Polizeirevier Burgenlandkreis, 07.05.26 / Mitteldeutsche Zeitung, 11.05.26   

28.04.2026 Halle (Saale) 

28.04.2026 Halle (Saale) 

Kurz vor der Halbzeit des Spiels FC Halle Neustadt II gegen die Mannschaft des Roten Sterns Halle II gehen ca. sieben bis neun offensichtliche Rechte zu den Fans des Roten Sterns Halle. Sie bauen sich direkt neben ihnen auf und beleidigen sie u.a als „Scheiß Zecken”. Es fallen Aussagen wie „Für euch machen wir die KZs wieder auf!“ und „Euch Zecken schlagen wir heute behindert!”. Erst als ein unbeteiligter Zuschauer den Eindruck erweckt, die Polizei zu rufen, begibt sich die Gruppe wieder auf die andere Seite des Spielfeldes. Nach Beendigung des Spiels warten die Rechten am Ausgang auf die Fans des Roten Sterns, bauen sich bedrohlich auf und beleidigen sie erneut und mehrfach als „Zecken”. Den betroffenen Fans gelingt es schließlich, unverletzt das Fußballspiel zu verlassen.  
Anlaufstelle Süd (eigener Bericht) 

Jahresbilanz der Mobilen Opferberatung 2025

Jahresbilanz der Mobilen Opferberatung 2025

Mobile Opferberatung, 27.04.2026
229 rechte, rassistische, antisemitische und queerfeindliche Angriffe mit 307 direkt Betroffenen hat die Mobile Opferberatung für das Jahr 2025 in Sachsen-Anhalt dokumentiert. Damit gab es im vergangenen Jahr statistisch gesehen vier bis fünf rechte Angriffe pro Woche. Im Verhältnis zur Bevölkerungszahl von 2,1 Millionen Menschen werden somit in Sachsen-Anhalt mit 6,7 rechten Angriffen pro 100.000 Einwohner*innen etwa drei Mal so viele rechte Gewalttaten verübt wie im Durchschnitt in den westdeutschen Flächenländern. Der Rückgang bei der Gesamtzahl der Angriffe im Vergleich zum Vorjahr von rund 20 Prozent (2024: 290) ist kein Anlass zur Entwarnung. Dies zeigt u.a. der Anstieg bei Angriffen gegen politische Gegner*innen.

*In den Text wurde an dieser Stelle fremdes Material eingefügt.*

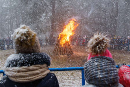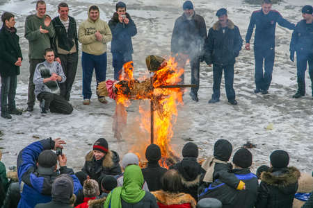 Grodno, Belarus - February 25, 2017: The ritual burning of effigies of Winter. It means the end of winter and beginning of spring.

21.04.2026 Rogätz (Börde) 

21.04.2026 Rogätz (Börde) 

Am Dienstagabend gegen 18:50 Uhr wird eine dreiköpfige Gruppe mit osteuropäischer Herkunft im Einkaufsmarkt in der Cröchernschen Straße von einem Mann massiv beleidigt und angegriffen. Die Betroffenen, zwei Männer und eine Frau, stehen im Kassenbereich, als ein 48-jähriger Mann sie massiv beschimpft. Die Frau wird zunächst ins Gesicht gespuckt und später auf dem Parkplatz des Marktes mit der Faust geschlagen. Die drei Betroffenen entfernen sich anschließend vom Ort. Zwei Zeugen verständigen die Polizei.